De vez en cuando alguna expresión vieja flota por sobre el chapoteo
—¡No me digas! o ¡Feliz cumpleaños!—
nunca una frase de verdad
desde hace más de tres años.
Veo que los dientes de adelante se le están poniendo negros.
Me pregunto cómo se les lava los dientes a los locos.
Él siempre se los cuidó mucho. Mi mamá levanta la mirada.
Ella y yo a veces tenemos cada una la mitad de un pensamiento.
¿Te acordás de ese escarbadientes de Harrod’s enchapado en oro
que le mandaste el verano que estuviste en Londres? me pregunta.
Sí, no sé qué se habrá hecho.
Debe estar en el baño en alguna parte.
Ella le da las uvas una por una.
A él se le siguen cayendo entre los dedos enormes y rígidos.
Era un hombre grande y fuerte, de más de 1,80 de alto,
pero desde que vino al hospital el cuerpo se le redujo a un asilo de huesos
—excepto las manos. Las manos siguen creciéndole.
Son grandes como las botas de un Van Gogh,
y van persiguiendo las uvas con torpeza por su regazo.
Pero ahora se da vuelta hacia mí con una ráfaga de sílabas urgentes
que acaban en una nota aguda— espera,
mirándome fijo a la cara. Esa mirada inquisitiva.
Con una ceja levantada.
En casa tengo una foto pegada a la heladera.
Se ve el escuadrón aéreo de la Segunda Guerra Mundial posando delante del avión.
Las manos firmes en la espalda, las piernas separadas,
el mentón proyectándose hacia adelante.
Vestidos con los uniformes de vuelo inflados y con
una correa de cuero ancha ajustada a la entrepierna.

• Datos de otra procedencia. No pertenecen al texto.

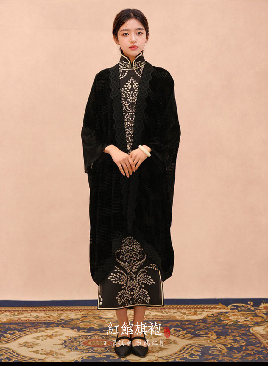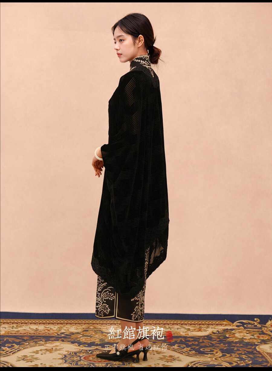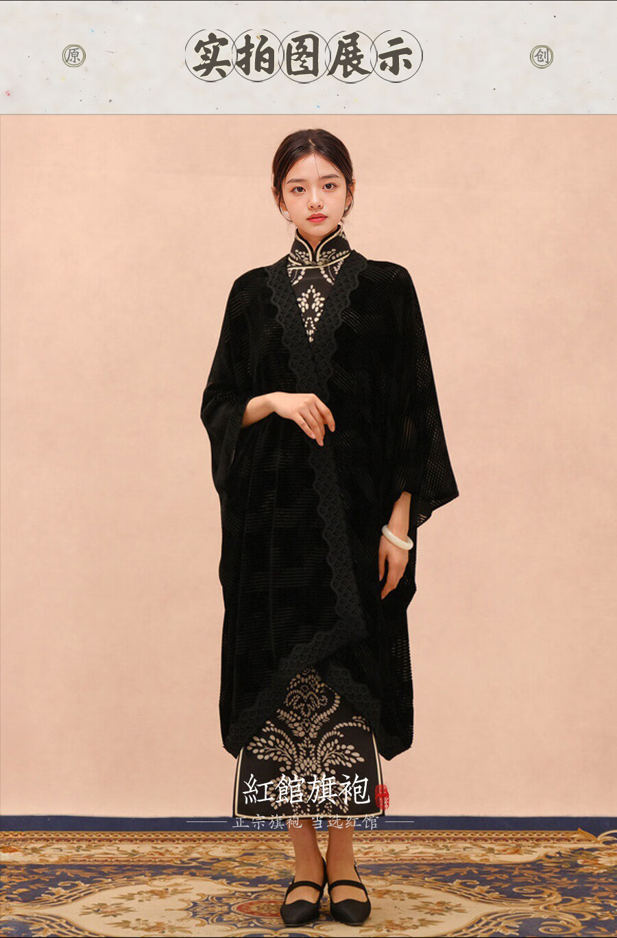 红馆旗袍旗袍2025新款披肩春旗袍搭配披肩外套外搭高端披肩百搭翠梧黛 黑色 S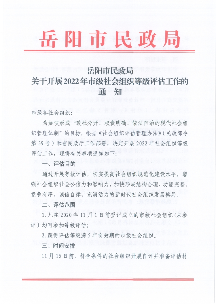 关于开展2022年市级社会组织等级评估工作的通知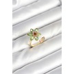 Çiçek Model Yeşil Pirinç Gold Renk Yüzük Renkli

Entrecierran los ojos al brillo del sol del invierno de 1942.
Amanece.
Parten a Francia desde Dover.
Mi papá en el extremo izquierdo es el aviador más alto,
con el cuello subido
y una ceja levantada.
La luz sin sombra lo hace parecer inmortal,
para todo el mundo es alguien que no va a volver a llorar nunca.
Todavía me está mirando a la cara.
¡Alerones abajo! Grito.
Su sonrisa negra destella una sola vez y se apaga como un fósforo.